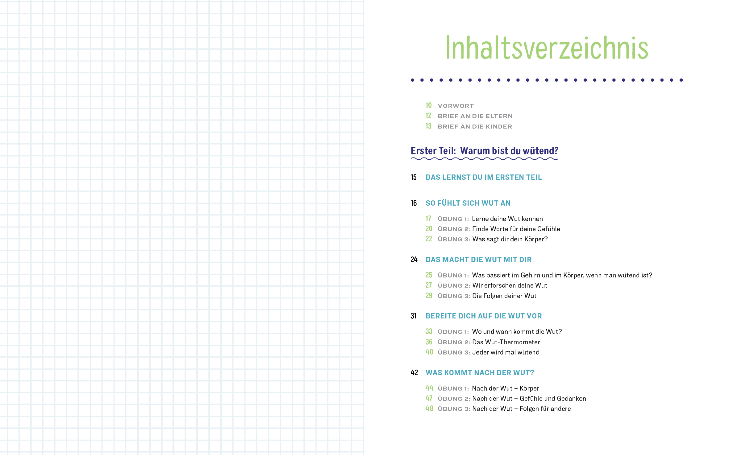 Wer Kindern frühzeitig beibringt, wie sie auf Wut reagieren sollen, vermittelt ihnen die lebenslange Fähigkeit, mit starken Emotionen umzugehen, ruhig zu bleiben und vernünftige Verhaltensentscheidungen zu treffen. Dieses Mitmachbuch für Kinder ab sieben Jahren enthält 50 spielerische Übungen zur Wutbewältigung. Durch Knobeln, Schreiben, Meditieren und Basteln lernen die Kinder, das Gefühl der Wut zu erkennen und in den Griff zu bekommen. Sie erfahren, wie sie in jeder Situation freundlich zu sich selbst und anderen bleiben und durch Dankbarkeit, Gelassenheit und Selbstliebe positiv mit Ärger umgehen können.
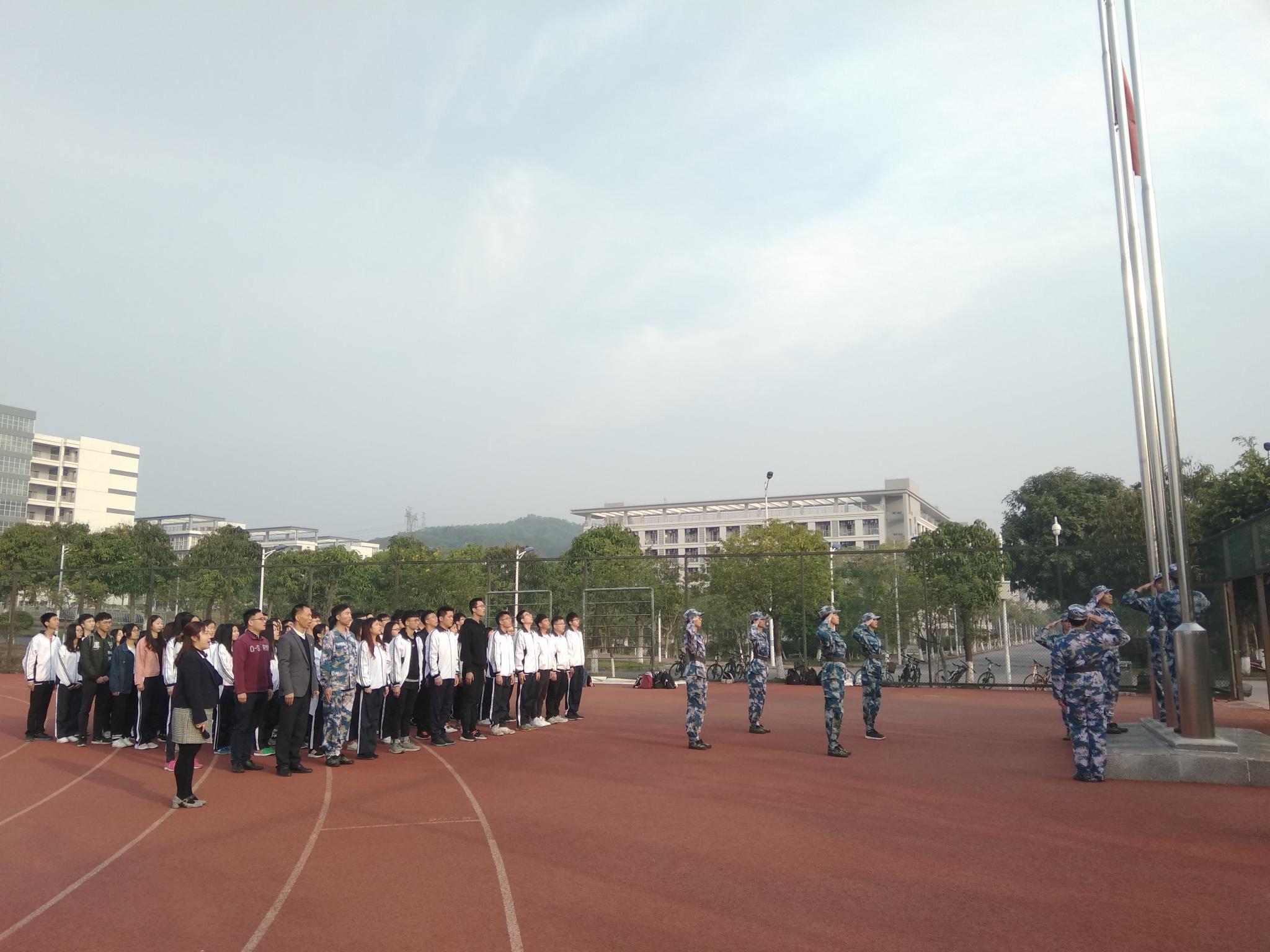 在庄严肃穆的国歌声中五星红旗冉冉升起,在场的同学们敬礼仰注,为我们伟大祖国的日益繁荣昌盛以及为我们能身在这美好时代而自豪。刘伟坚书记作了国旗下的讲话。首先,他指出,作为优秀的青年学生要带头深入学习习近平总书记系列重要讲话精神,始终把“为人民服务”的初心置于最高位置。“两会”是在全面贯彻党的十九大精神开局之年召开的重要会议,吹响了决胜全面建成小康社会、迈向社会主义现代化国家新征程的嘹亮号角。这些都是青年学子需要密切关注和进行及时学习的内容。
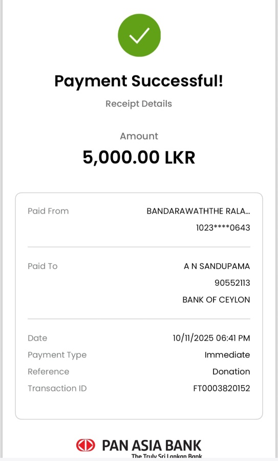 Cash Donation of Rs 5000/- per/month July Aug Sep Oct 25 To Student from Nallamudawa School in Anuradhpura
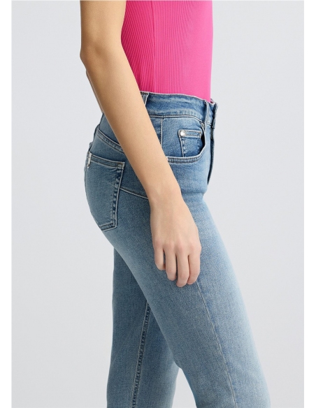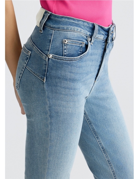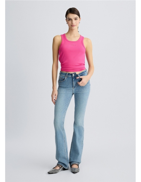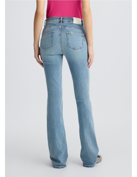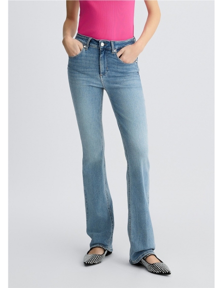Vaqueros bootcut de tiro alto De gran altura Lavado a la piedra Pierna ligeramente acampanada Longitud de la pierna: 85 cm Largo del dobladillo: 21,5 cm
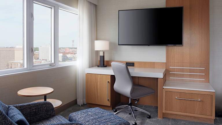 Das Marriott Saskatoon Downtown bietet eine erstklassige Lage im Stadtzentrum von Saskatoon und ist nur wenige Gehminuten vom TCU Place entfernt. Mit einem Innenpool, einer Wasserrutsche und kostenfreiem WLAN bietet das Hotel eine komfortable und unterhaltsame Unterkunft für Gäste jeden Alters. Die modernen Zimmer sind mit einem Flachbild-Smart-TV, einem Schreibtisch und einer Kaffeemaschine ausgestattet. Zu den Annehmlichkeiten des Hotels gehören auch ein Whirlpool, eine Sauna und ein Fitnesscenter. Kostenlose bewachte Parkplätze stehen zur Verfügung und das freundliche Personal steht rund um die Uhr zur Verfügung.
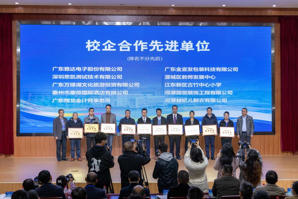年会上,职教集团还表彰了2023年度校企合作先进个人、先进单位、先进二级学院。广东雅达电子股份有限公司、深圳思凯测试技术有限公司等10家单位荣获“校企合作先进单位”;河源市客天下文化旅游管理有限公司余惠生,广东金宣发包装科技有限公司吴文全等10人荣获“校企合作先进个人”,赢博线上官网(集团)官方网站“工商管理学院”荣获校企合作先进二级学院。

· · ·

To do: Leaving every picture out, write out exactly the lines from the one that holds "Cash Donation of" through the end of the listing, both included.

Exercise answer:
 Cash Donation of Rs 5000/- per/month July Aug Sep Oct 25 To Student from Nallamudawa School in Anuradhpura
Vaqueros bootcut de tiro alto De gran altura Lavado a la piedra Pierna ligeramente acampanada Longitud de la pierna: 85 cm Largo del dobladillo: 21,5 cm
 Das Marriott Saskatoon Downtown bietet eine erstklassige Lage im Stadtzentrum von Saskatoon und ist nur wenige Gehminuten vom TCU Place entfernt. Mit einem Innenpool, einer Wasserrutsche und kostenfreiem WLAN bietet das Hotel eine komfortable und unterhaltsame Unterkunft für Gäste jeden Alters. Die modernen Zimmer sind mit einem Flachbild-Smart-TV, einem Schreibtisch und einer Kaffeemaschine ausgestattet. Zu den Annehmlichkeiten des Hotels gehören auch ein Whirlpool, eine Sauna und ein Fitnesscenter. Kostenlose bewachte Parkplätze stehen zur Verfügung und das freundliche Personal steht rund um die Uhr zur Verfügung.
年会上,职教集团还表彰了2023年度校企合作先进个人、先进单位、先进二级学院。广东雅达电子股份有限公司、深圳思凯测试技术有限公司等10家单位荣获“校企合作先进单位”;河源市客天下文化旅游管理有限公司余惠生,广东金宣发包装科技有限公司吴文全等10人荣获“校企合作先进个人”,赢博线上官网(集团)官方网站“工商管理学院”荣获校企合作先进二级学院。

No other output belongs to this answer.